Selon le temps et certains font varier leur chant rauque

En fonction de l'atmosphère...

[Lucrèce De la Nature V, vv. 1078, 1081 et 1083-84]

 

62. Reste à savoir quel langage parlerait cet enfant élevé dans une complète solitude. Et ce que l'on en dit par pure conjecture n'a pas beaucoup de valeur. Si on oppose à ce que j'ai dit plus haut que les sourds de naissance ne parlent pas du tout, je réponds que ce n'est pas seulement parce qu'ils n'ont pu être formés à la parole par les oreilles, mais plutôt parce que le sens de l'ouïe dont ils sont privés est associé à celui de la parole, et qu'ils sont étroitement unis naturellement ; de sorte que, quand nous parlons, il faut que nous nous parlions à nous-mêmes d'abord, et que nous fassions résonner dans nos oreilles198 ce que nous allons envoyer aux oreilles des autres.

63. J'ai dit tout cela pour souligner la ressemblance qu'il y a entre les choses humaines et les animaux199, et pour nous ramener et rattacher à l'ensemble des êtres. Nous ne sommes ni au-dessus, ni au-dessous du reste : tout ce qui est sous le ciel, dit le sage200, suit une loi et un destin semblables.

Ils sont tous entravés par les chaînes de leur destinée.
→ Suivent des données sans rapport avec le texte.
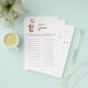 This adorable baby shower game features a charming watercolor illustration of a bear holding onto a soft pink balloon. The game prompts guests to guess what baby items the mom-to-be has chosen for each letter of the alphabet. It's a fun and engaging way to celebrate the upcoming arrival and learn about the little one's nursery essentials. The design has a neutral, earthy color palette, making it perfect for any baby shower theme. Add a touch of sweetness to your celebration with this unique baby item alphabet game.
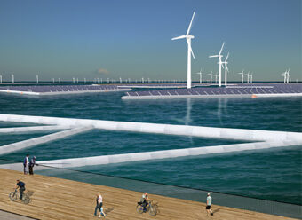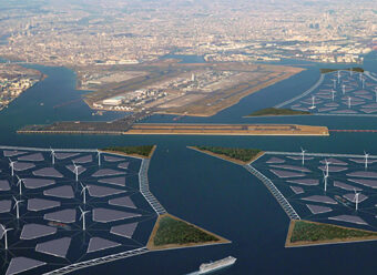 Mega Power Plant Complex. A hypotical power plant planned on the sea’s surface which includes wind, sola, wave, and tidal power generation with a capacity equal to that of the Fukushima 1 nuclear power plant.
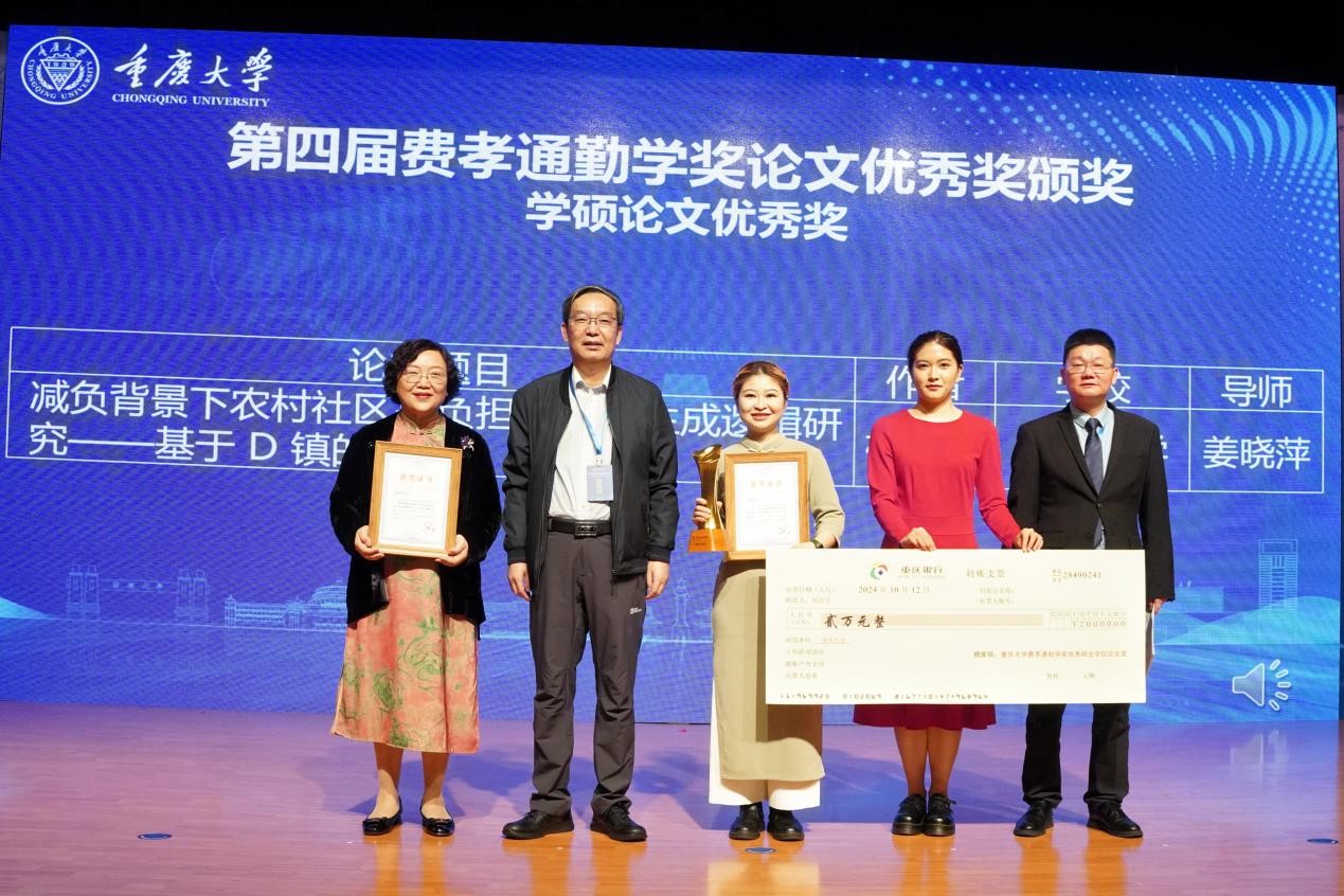 10月12日,第四届“费孝通勤学奖”颁奖典礼在重庆大学举行。继我院2020届硕士白浩然同学获得第三届“费孝通勤学奖”唯一优秀硕士学位论文奖(指导教师李晓梅)以来,杨舒雯、史军、郑冰鑫3位同学在本届评选中再创佳绩。

[Lucrèce De la Nature V, v. 876]

Il y a quelques différences, il y a des ordres et des degrés, mais sous l'aspect d'une même nature :

Chaque chose se développe à sa façon, et toutes conservent

Les différences établies par l'ordre immuable de la nature.

[Lucrèce De la Nature V, vv. 923-24]

 

64. Il faut maintenir l'homme dans les limites de l'ordre social. Le malheureux en effet n'a pas le pouvoir d'aller au-delà : il est entravé et empêché, il est assujetti aux mêmes obligations que les autres créature de son rang, il est de condition fort moyenne, sans aucune prérogative particulière, ni de prééminence véritable et essentielle. Celle qu'il se donne, dans sa pensée et son imagination, n'a rien de concret ni de consistant. Et s'il est vrai qu'il est le seul parmi les animaux à disposer de cette liberté d'imagination et de cette absence de limites pour la pensée, lui permettant de se représenter ce qui est ou ce qui n'est pas, ce qu'il désire, le faux aussi bien que le vrai, c'est un avantage qui lui est cher vendu et dont il a bien peu à se glorifier, car c'est là que se trouve la source principale des maux qui l'assaillent : péché, maladie, irrésolution, agitation, désespoir.